# RECORDS FOR THE EXERCISE
◆ ◆ ◆ ◆
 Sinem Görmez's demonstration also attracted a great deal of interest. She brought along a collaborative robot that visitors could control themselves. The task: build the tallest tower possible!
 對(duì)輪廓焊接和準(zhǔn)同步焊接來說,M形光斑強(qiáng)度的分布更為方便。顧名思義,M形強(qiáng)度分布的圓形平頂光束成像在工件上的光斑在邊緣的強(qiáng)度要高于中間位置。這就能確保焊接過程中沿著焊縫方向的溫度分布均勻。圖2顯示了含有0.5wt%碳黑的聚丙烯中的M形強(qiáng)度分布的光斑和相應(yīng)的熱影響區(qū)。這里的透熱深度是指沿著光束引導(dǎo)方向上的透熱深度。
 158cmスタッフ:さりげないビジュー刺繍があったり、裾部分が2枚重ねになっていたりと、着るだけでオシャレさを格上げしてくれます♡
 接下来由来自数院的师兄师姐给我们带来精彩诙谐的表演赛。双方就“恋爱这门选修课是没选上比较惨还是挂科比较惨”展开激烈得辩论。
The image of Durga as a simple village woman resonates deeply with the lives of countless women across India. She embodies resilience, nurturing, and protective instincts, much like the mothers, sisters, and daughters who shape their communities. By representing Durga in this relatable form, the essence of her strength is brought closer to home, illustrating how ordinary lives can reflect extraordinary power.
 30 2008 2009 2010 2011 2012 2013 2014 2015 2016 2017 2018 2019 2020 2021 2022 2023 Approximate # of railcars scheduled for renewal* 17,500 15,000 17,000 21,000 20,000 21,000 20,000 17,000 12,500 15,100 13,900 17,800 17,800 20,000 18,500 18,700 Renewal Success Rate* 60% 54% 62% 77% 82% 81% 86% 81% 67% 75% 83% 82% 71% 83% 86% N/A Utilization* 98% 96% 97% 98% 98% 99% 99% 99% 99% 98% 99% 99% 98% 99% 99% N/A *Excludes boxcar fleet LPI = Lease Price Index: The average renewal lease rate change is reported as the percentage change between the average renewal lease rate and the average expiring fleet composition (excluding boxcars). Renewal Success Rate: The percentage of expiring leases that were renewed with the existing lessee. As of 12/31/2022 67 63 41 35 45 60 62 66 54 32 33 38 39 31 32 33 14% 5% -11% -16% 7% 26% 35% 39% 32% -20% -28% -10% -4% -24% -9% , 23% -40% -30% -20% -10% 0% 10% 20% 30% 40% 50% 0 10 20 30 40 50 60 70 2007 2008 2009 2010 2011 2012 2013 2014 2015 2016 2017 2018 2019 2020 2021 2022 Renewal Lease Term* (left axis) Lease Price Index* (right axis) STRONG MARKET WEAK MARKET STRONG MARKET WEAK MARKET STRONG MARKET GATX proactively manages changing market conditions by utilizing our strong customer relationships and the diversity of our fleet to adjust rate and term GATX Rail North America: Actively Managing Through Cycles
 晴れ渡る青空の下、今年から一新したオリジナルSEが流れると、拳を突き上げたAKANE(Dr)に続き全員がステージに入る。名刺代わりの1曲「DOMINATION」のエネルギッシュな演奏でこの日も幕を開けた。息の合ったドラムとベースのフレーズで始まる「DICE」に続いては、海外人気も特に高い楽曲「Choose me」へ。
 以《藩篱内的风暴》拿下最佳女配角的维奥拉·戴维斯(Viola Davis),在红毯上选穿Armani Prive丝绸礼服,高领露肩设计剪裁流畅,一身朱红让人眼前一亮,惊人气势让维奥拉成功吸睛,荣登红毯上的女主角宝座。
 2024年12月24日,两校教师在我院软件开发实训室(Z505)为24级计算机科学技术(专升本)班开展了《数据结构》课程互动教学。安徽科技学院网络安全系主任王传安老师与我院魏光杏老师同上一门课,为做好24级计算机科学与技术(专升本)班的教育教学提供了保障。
◆ ◆ ◆ ◆
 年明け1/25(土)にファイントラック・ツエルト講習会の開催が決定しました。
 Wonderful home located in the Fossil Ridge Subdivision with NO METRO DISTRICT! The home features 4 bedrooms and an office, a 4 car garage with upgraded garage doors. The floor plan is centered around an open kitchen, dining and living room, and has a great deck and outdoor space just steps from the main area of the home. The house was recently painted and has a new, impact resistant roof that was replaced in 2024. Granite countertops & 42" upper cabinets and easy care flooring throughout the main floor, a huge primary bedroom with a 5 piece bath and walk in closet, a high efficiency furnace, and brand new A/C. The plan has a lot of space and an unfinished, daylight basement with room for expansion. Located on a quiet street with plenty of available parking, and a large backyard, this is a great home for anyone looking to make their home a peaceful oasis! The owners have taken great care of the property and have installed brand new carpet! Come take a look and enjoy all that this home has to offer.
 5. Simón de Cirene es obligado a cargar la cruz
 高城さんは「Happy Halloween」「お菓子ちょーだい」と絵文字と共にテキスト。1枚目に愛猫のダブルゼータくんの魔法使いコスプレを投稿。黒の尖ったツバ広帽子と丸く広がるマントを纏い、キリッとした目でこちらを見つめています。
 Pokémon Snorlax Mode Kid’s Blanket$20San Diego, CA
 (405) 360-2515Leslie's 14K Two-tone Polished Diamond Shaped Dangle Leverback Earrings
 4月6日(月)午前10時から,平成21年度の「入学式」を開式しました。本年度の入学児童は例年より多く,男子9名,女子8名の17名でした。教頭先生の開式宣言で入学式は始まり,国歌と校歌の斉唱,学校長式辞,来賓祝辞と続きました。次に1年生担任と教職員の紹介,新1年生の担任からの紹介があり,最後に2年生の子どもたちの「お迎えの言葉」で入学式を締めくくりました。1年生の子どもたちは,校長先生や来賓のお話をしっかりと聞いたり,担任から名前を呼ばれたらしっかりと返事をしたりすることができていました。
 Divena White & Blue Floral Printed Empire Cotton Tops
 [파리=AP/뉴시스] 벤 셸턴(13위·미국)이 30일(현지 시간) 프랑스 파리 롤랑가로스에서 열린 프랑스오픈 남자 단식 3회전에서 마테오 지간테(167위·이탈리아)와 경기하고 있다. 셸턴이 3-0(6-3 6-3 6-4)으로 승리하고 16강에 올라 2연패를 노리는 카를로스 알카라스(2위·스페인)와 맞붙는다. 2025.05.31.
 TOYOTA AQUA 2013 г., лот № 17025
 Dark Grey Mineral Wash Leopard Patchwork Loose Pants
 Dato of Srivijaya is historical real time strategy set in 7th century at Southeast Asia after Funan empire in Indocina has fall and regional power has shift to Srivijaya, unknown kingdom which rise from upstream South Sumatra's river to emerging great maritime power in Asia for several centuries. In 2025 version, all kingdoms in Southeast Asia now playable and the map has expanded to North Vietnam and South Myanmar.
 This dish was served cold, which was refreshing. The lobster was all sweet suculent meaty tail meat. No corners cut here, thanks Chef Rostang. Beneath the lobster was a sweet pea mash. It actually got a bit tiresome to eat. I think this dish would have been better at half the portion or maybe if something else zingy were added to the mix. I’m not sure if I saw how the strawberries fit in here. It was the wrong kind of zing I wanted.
◆ ◆ ◆ ◆
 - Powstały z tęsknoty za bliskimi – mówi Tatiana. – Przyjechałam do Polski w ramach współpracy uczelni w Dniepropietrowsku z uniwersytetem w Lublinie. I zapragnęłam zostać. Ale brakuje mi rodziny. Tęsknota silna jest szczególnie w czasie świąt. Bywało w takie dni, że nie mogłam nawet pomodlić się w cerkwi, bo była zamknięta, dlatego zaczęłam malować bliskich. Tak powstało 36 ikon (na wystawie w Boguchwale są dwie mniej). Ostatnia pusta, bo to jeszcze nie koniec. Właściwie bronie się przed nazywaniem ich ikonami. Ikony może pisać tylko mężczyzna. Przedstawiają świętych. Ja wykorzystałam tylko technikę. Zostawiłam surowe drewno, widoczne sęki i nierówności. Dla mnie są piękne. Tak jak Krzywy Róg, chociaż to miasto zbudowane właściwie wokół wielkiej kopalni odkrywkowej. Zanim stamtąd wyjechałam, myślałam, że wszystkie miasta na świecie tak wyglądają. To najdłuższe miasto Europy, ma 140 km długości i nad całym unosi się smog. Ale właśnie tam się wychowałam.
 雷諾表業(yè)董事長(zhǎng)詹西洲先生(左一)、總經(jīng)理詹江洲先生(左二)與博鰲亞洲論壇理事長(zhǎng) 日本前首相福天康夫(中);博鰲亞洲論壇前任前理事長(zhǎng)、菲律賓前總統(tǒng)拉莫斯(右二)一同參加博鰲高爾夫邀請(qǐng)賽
◆ ◆ ◆ ◆
# WHAT THIS TASK INVOLVES
Return only the part of the records above that opens with the line containing "對(duì)輪廓焊接和準(z" and closes with the line containing "30 2008 2009", ends included.

# ANSWER AREA
 對(duì)輪廓焊接和準(zhǔn)同步焊接來說,M形光斑強(qiáng)度的分布更為方便。顧名思義,M形強(qiáng)度分布的圓形平頂光束成像在工件上的光斑在邊緣的強(qiáng)度要高于中間位置。這就能確保焊接過程中沿著焊縫方向的溫度分布均勻。圖2顯示了含有0.5wt%碳黑的聚丙烯中的M形強(qiáng)度分布的光斑和相應(yīng)的熱影響區(qū)。這里的透熱深度是指沿著光束引導(dǎo)方向上的透熱深度。
 158cmスタッフ:さりげないビジュー刺繍があったり、裾部分が2枚重ねになっていたりと、着るだけでオシャレさを格上げしてくれます♡
 接下来由来自数院的师兄师姐给我们带来精彩诙谐的表演赛。双方就“恋爱这门选修课是没选上比较惨还是挂科比较惨”展开激烈得辩论。
The image of Durga as a simple village woman resonates deeply with the lives of countless women across India. She embodies resilience, nurturing, and protective instincts, much like the mothers, sisters, and daughters who shape their communities. By representing Durga in this relatable form, the essence of her strength is brought closer to home, illustrating how ordinary lives can reflect extraordinary power.
 30 2008 2009 2010 2011 2012 2013 2014 2015 2016 2017 2018 2019 2020 2021 2022 2023 Approximate # of railcars scheduled for renewal* 17,500 15,000 17,000 21,000 20,000 21,000 20,000 17,000 12,500 15,100 13,900 17,800 17,800 20,000 18,500 18,700 Renewal Success Rate* 60% 54% 62% 77% 82% 81% 86% 81% 67% 75% 83% 82% 71% 83% 86% N/A Utilization* 98% 96% 97% 98% 98% 99% 99% 99% 99% 98% 99% 99% 98% 99% 99% N/A *Excludes boxcar fleet LPI = Lease Price Index: The average renewal lease rate change is reported as the percentage change between the average renewal lease rate and the average expiring fleet composition (excluding boxcars). Renewal Success Rate: The percentage of expiring leases that were renewed with the existing lessee. As of 12/31/2022 67 63 41 35 45 60 62 66 54 32 33 38 39 31 32 33 14% 5% -11% -16% 7% 26% 35% 39% 32% -20% -28% -10% -4% -24% -9% , 23% -40% -30% -20% -10% 0% 10% 20% 30% 40% 50% 0 10 20 30 40 50 60 70 2007 2008 2009 2010 2011 2012 2013 2014 2015 2016 2017 2018 2019 2020 2021 2022 Renewal Lease Term* (left axis) Lease Price Index* (right axis) STRONG MARKET WEAK MARKET STRONG MARKET WEAK MARKET STRONG MARKET GATX proactively manages changing market conditions by utilizing our strong customer relationships and the diversity of our fleet to adjust rate and term GATX Rail North America: Actively Managing Through Cycles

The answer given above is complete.